Eos Positioning Systems
A surveyor uses the Arrow Gold receiver to map assets in Terrebonne, Quebec, Canada. (Photo: Eos Positioning)
“The past three years have seen considerable innovations and trends in the GNSS industry,” said Jean-Yves Lauture, CTO of Eos Positioning. “Receivers are becoming increasingly affordable and the adoption of higher-accuracy (submeter, centimeter) positioning by other industries, outside of conventional surveying, is growing. Considering the now four usable GNSS constellations and the aggressive launches of Galileo and BeiDou satellites, the number of available satellites and the list of frequencies they use has considerably increased.
“Although accuracy itself is not really improving, performance is — particularly in tougher conditions. It’s not uncommon for customers to use 30 to 35 satellites out of more than 40 in view using an Arrow Series GNSS receiver. The numbers are even higher in the Pacific regions, thanks to geostationary BeiDou satellites.

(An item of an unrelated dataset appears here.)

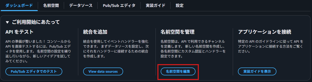 再びAPIのダッシュボードに戻り、 名前空間を編集 をクリックします。

This is, by far, more than double the number of satellites available with just GPS and GLONASS.”
Consumer Devices. “It will be challenging for smartphones and consumer devices to achieve survey-grade accuracy in the next few years. They face certain limitations. For instance, there is a cost and physical size associated with using a high-end GNSS antenna with a minimum of ground plane to achieve these levels of accuracy.

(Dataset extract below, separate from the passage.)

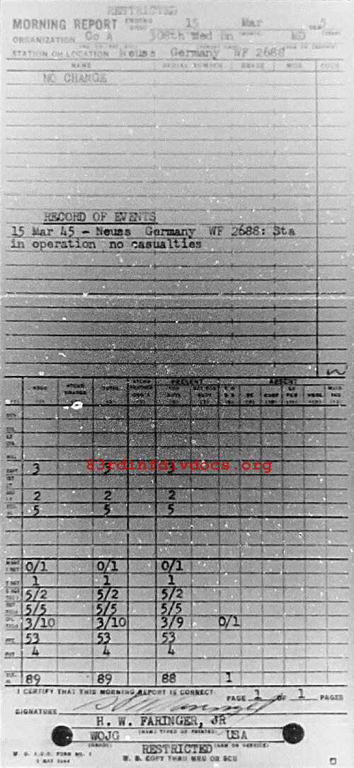 Morning report A/308M for March 15, 1945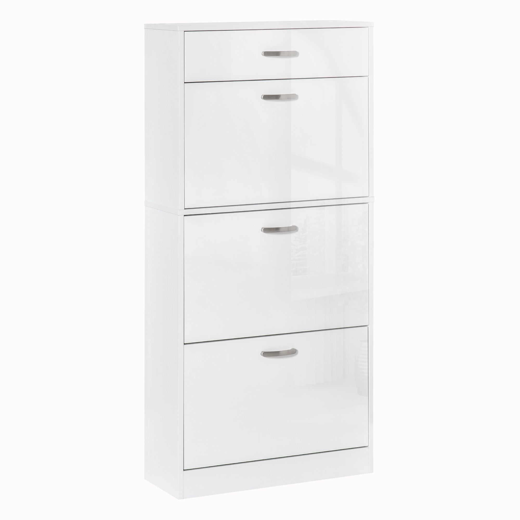 Choose this cabinet from will keep your home tidy. There are three flip drawers, each can hold six pairs - perfect for use with the family or your flatmates. The inner shelf can be set to two different positions for storage which fits your shoes better. Finished with a handy top drawer, offering even more storage. Made of particle board frame with gloss panel and aluminium handle, it is durable for everyday use. The high gloss storage unit in modern style is a great addition to your home.

The Arrow Gold RTK GNSS receiver. (Photo: Eos Positioning)
“Also, it is unlikely that the manufacturers of consumer devices will invest in developing the advanced algorithms needed for a high level of constant accuracy and performance. In order to fit into a smartphone, consumer-grade GNSS chipset manufacturers must drop the use of many available signals and frequencies to keep both size and power consumption to a minimum.”
Allystar Technology
Photo: Allystar
Jamming and Spoofing. The GNSS chip in Allystar’s TAU1301 module supports eight adaptive notch filters to reduce the effects of GNSS jamming, explained Shi-Xian Yang, senior principal engineer in the company’s Baseband Algorithm Department. “It significantly improves the performance of GNSS tracking measurements, even in the presence of strong and fast-varying jamming signals.”
Sensor Fusion. The TAU1310 integrates a six-axis micro-electromechanical system (MEMS) gyro, which makes its affordable for the mass market, Yang said.
The Lenovo Z6. (Photo: Lenovo)
Consumer Devices. In its Z6 smartphone, Lenovo has taken advantage of the great improvement in multipath mitigation provided by the L5 signal’s higher chip rate and the output of high quality raw data via the TAU1302’s HD8040 GNSS chipset to improve the accuracy experience in the consumer market, Yang explained. Additionally, he pointed out, cell phones and other consumer devices now enable developers to access the raw sensor data from such sensors as accelerometers and barometers to input into their fusion algorithms.
Other Challenges. In the future, the TAU1310 could also support the L6 signal for PPP-RTK application.
NTLab
NTLab anti-jamming GNSS receiver. (Photo: NTLab)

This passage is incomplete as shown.